Maximus spared him a glance, then sat down at his computer.
‘Now what did you say about me, Doctor? Your jealousy disguised as concern? I get a lot of that sort of thing.’
Maximus found his record on the doctor’s computer, located his evaluation and changed it to slightly above average. No need to be pretentious. He then searched for the raw data from which the doctor had compiled his evaluation. He discovered that his responses had been too careful, that he had overcompensated. Maximus guessed that he had sociopathic tendencies and had done a good job of disguising them, but the doctor’s sophisticated profiling had sought out such responses.
It was not jealousy! The doctor was just an honest man, and very good at his work.
‘I owe you an apology, Doctor. Still, you are not the first man I have killed in error.’
Maximus went through the data from his tests and muted the results, drawing them in line with his new evaluation. He then altered the result modification dates so there was no link between his record and the doctor’s unfortu
nate death. He checked that the doctor hadn’t updated the main medical records held on the RIM’s rod logic data storage super computer. He hadn’t. Being a good and virtuous man he had waited to speak to the patient first and hear his side. Maximus had guessed as much, but for the wrong reasons. Now he updated the RIM database.
The moment his own evaluation was uploaded to the mainframe, Maximus knew he had to obliterate the doctor’s own records. He connected to an obscure erotic net site he had infected with a virus just an hour earlier. He downloaded a RealLife wireframe image file, knowing the virus would insinuate itself into the download. Within minutes the virus would trash the doctor’s hard drive and turn his medical records into data noise. ‘And a sex site?’ Maximus chastised. ‘Tut-tut, Doctor. So much for your impeccable reputation. ’
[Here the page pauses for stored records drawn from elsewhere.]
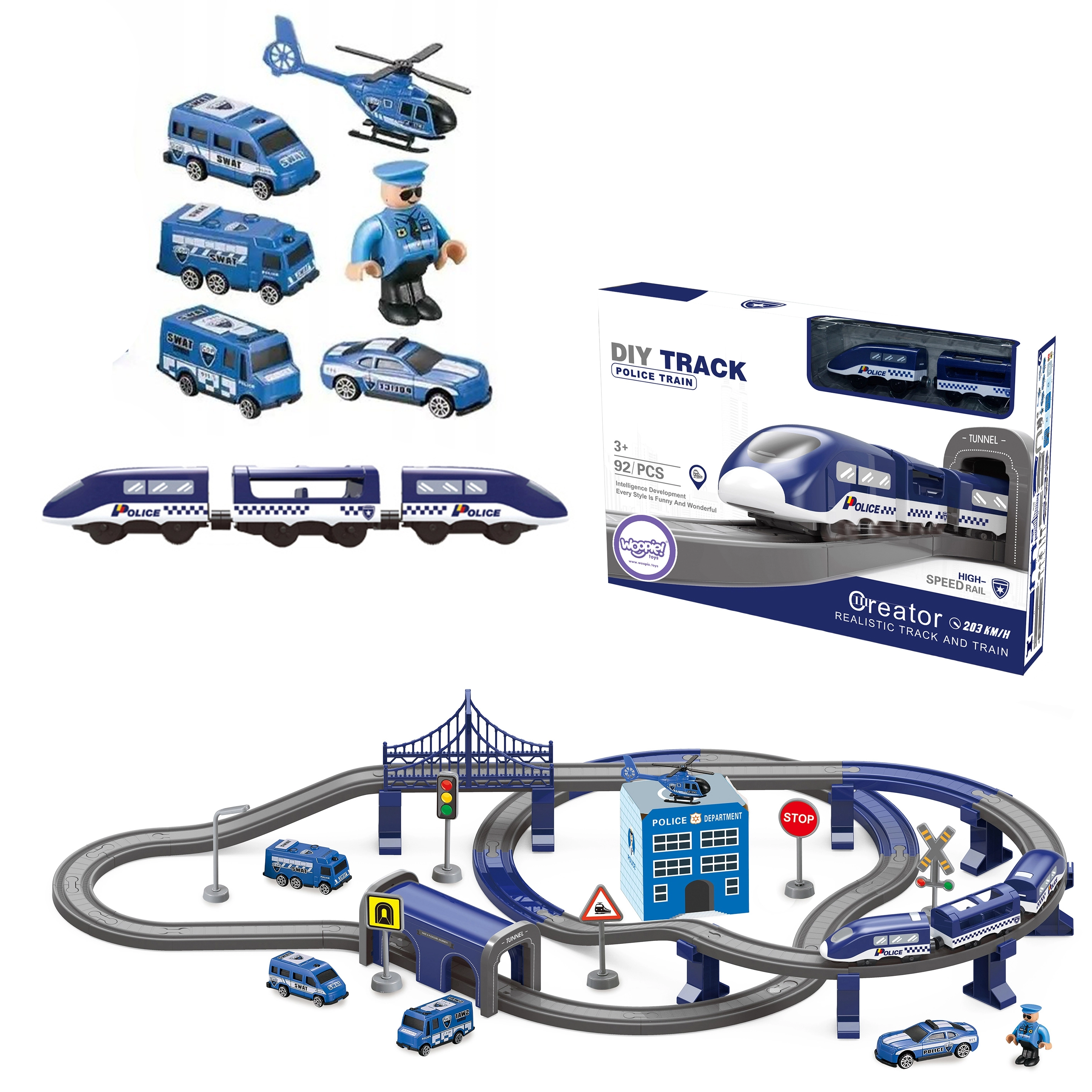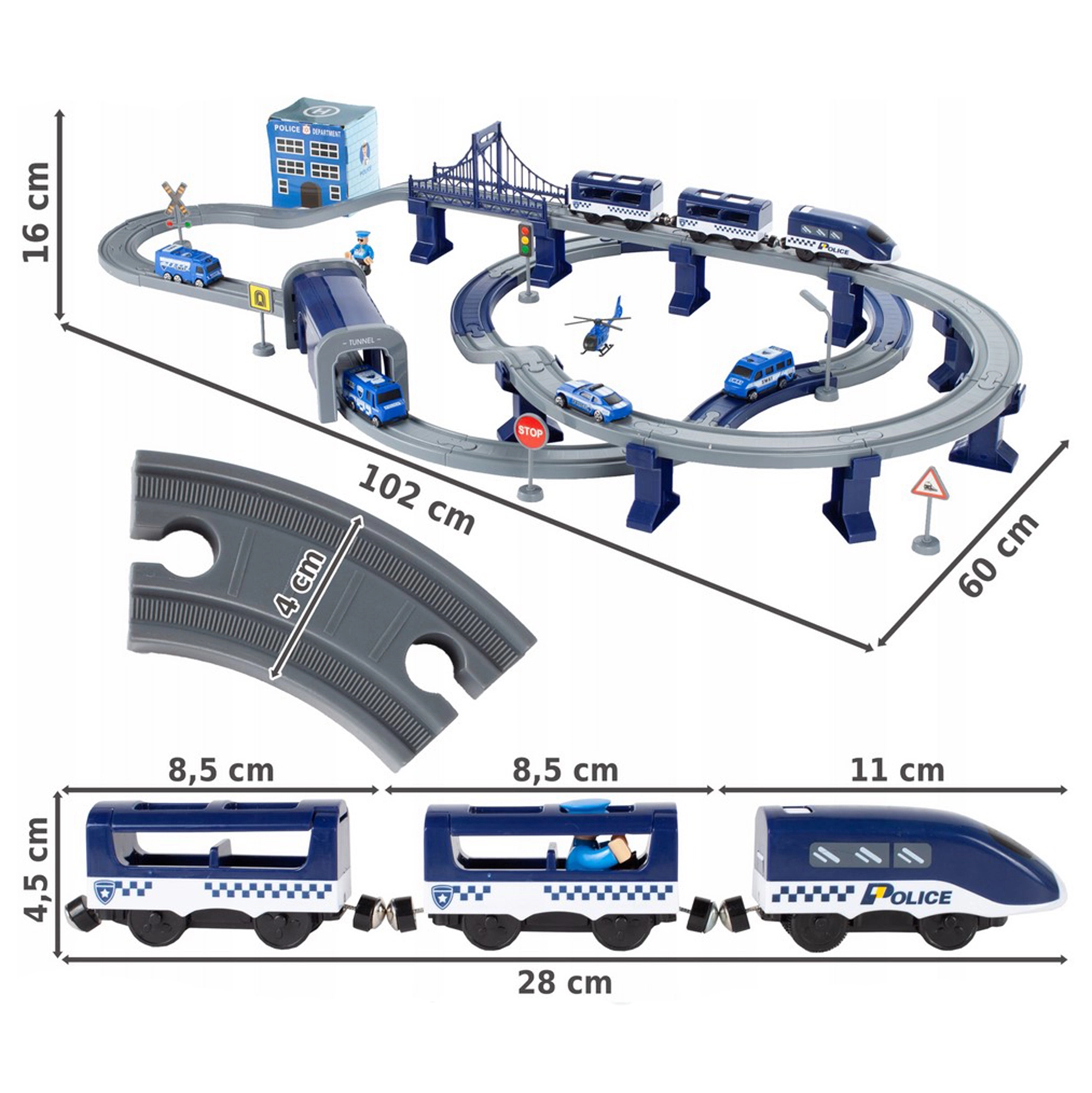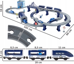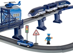 Šī detalizēti izstrādātā policijas vilciena trase apvieno bērnu iemīļotās pasaules – vilcienus, auto, helikopterus un policiju. Ar bagātīgo detaļu komplektu varēsiet izveidot līdz pat 6 dažādām trases variācijām, tostarp divstāvu sliežu vadību, tiltu un tuneli. Vagonu magnētiskie savienojumi atvieglo apkalpošanu, un lokomotīves piedziņa nodrošina vienmērīgu braucienu.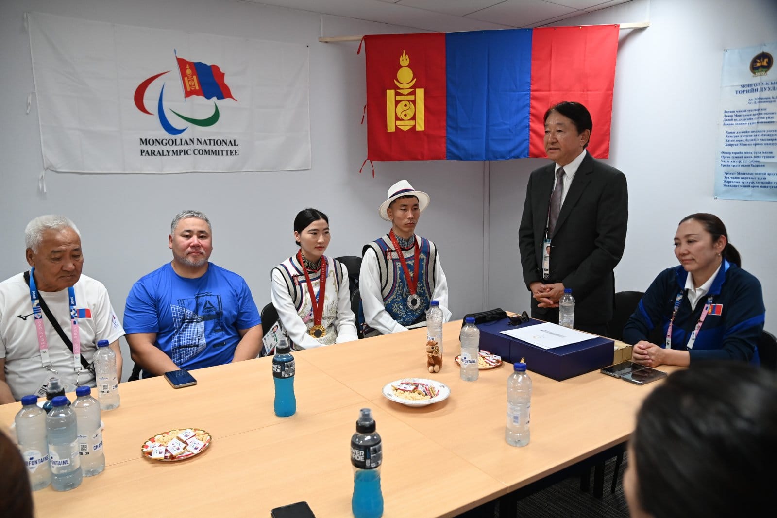 “Парис 2024" зуны паралимпын наадамд Монгол Улсын шигшээ баг тамирчид амжилттай өрсөлдөж байна. Парисийн Паралимпын наадмын Тамирчдын тосгонд Монголын үндэсний паралимпын хорооноос баг тамирчдад хүндэтгэл үзүүллээ.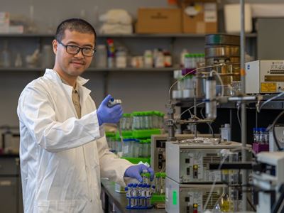 CUTLINE: Runwei Li, assistant professor in the Department of Civil and Environmental Engineering, is one of the organizers of the “PFAS in New Mexico: What's in Our Water – And What Comes Next?” talk at New Mexico State University taking place beginning at 9 a.m. May 1 in Hernandez Hall. (NMSU Photo by Vladimir Avina)

Maximus stood up. ‘Well, that’s that, Doctor Rodik. I’m afraid it’s time for you to explore whatever lies beyond death.’
Fear appeared in the doctor’s eyes. Fear and something else. Disgust? Maximus understood.
‘Really, Doctor Rodik, you think you did your job, profiling me as a sociopath, but you were wrong. Without people like me, RIM could not function. Perhaps this is an unofficial test. Fooling Your Psychologist 101. I failed, but Killing Your Psychologist 201 makes up for that.’
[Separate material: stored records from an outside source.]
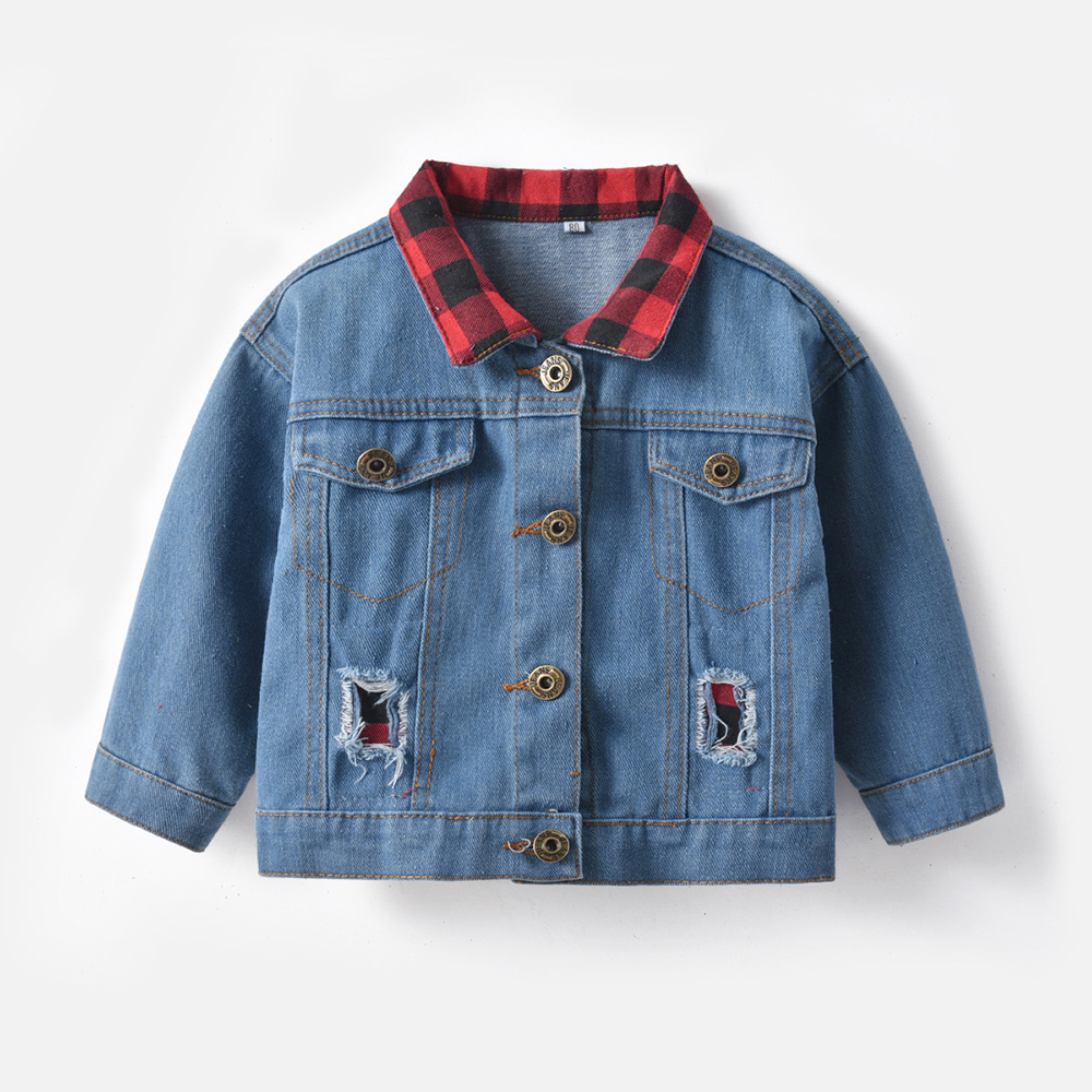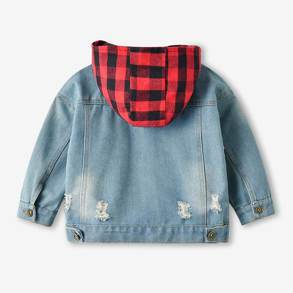 Spring Children's Unisex Long-sleeved Ripped Hooded Denim Jacket Kids Denim Jacket Korean Style Denim Jacket
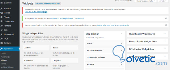 Para insertar un widget en una posición debemos arrastran con el mouse el widget desde la parte izquierda hasta la sección donde queremos incluirlo en la derecha. Por ejemplo en la imágen podemos observar que en la columna sidebar que aparecerá en la página Blog se han insertado los widget búsqueda, Entradas Recientes, Comentarios Recientes y Archivos.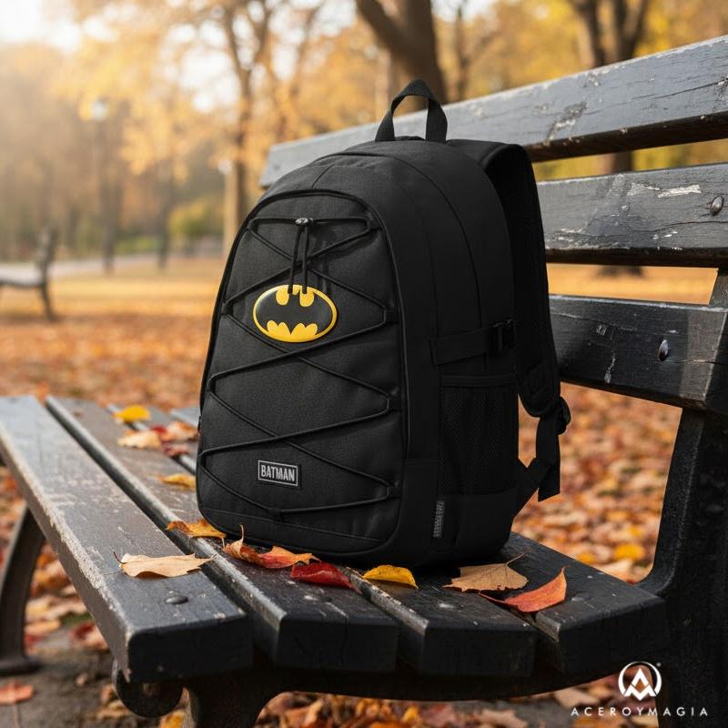 Gotham viaja contigo. La Mochila Batman DC Comics 44 cm une el icono del Caballero Oscuro con funcionalidad diaria en un diseño negro limpio y contundente: emblema clásico en el frontal, cordón elástico para sujetar chaquetas o accesorios, tirantes acolchados para mayor confort, bolsillos laterales de malla y un interior amplio que mantiene todo en su sitio. Con sus 44×31×20 cm organiza sin esfuerzo libros A4, cuadernos y estuche, perfecta como mochila escolar Batman, compañera urbana o para escapadas de fin de semana. Quien busca una mochila 44 cm Batman con estilo y practicidad encuentra aquí un aliado resistente y cómodo para clases, trabajo y ocio. Completa tu colección de merchandising Batman con una mochila Batman que aporta presencia, orden y calidad en cada día.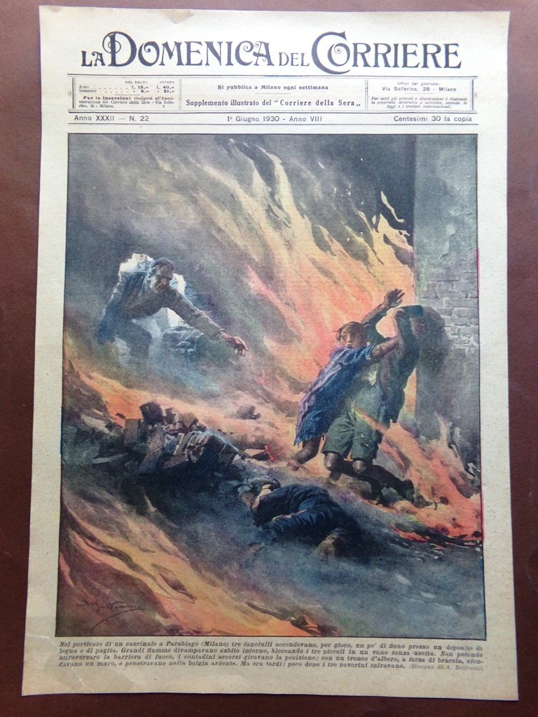 Nel porticato di un cascinale a Parabiago (Milano), tre fanciulli accendevano per gioco un po' di fieno presso un deposito di legna e di paglia. Grandi fiamme divampavano subito intorno, bloccando i tre piccoli in un vano senza uscita. Non potendo attraversare la barriera di fuoco, i contadini accorsi giravano la posizione; con un tronco d'albero, a forzad i braccia, sfondavano un muro e penetravano nella bolgia ardente. ma era tardi: poco dopo i tre poverini spiravano (Achille Beltrame)

The doctor’s death had to look innocent. He was already dead, in the sense that the poison was irreversible, so Maximus no longer felt guilt. He felt relief that he had managed to kill the doctor through an innocent mistake.
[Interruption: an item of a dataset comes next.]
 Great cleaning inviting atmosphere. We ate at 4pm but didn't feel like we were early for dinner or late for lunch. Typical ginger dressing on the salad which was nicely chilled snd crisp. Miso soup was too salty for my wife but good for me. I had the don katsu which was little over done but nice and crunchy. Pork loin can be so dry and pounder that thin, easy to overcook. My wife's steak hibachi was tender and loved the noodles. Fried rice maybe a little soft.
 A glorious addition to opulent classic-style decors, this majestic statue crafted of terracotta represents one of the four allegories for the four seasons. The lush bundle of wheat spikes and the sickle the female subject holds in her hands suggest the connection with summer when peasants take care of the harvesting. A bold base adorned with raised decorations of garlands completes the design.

He pulled out an eyedropper and squeezed one drop into each of the doctor’s glazed eyes.
‘In about three minutes,’ he explained, ‘you’re going to have a massive cardiac arrest. The chemical in your eyes will spread through your body and break down the other poison into harmless amino acids. My conscience tells me that I should save you, but there is no known antidote for metsine poisoning. My mistake, my apologies.’
He looked around. He had been in this office several times in the past week, taking tests, having chats. The room no doubt contained his fingerprints as well as genetic traces of his hair and skin. But that would be expected. It would also contain traces of half the agents at HQ.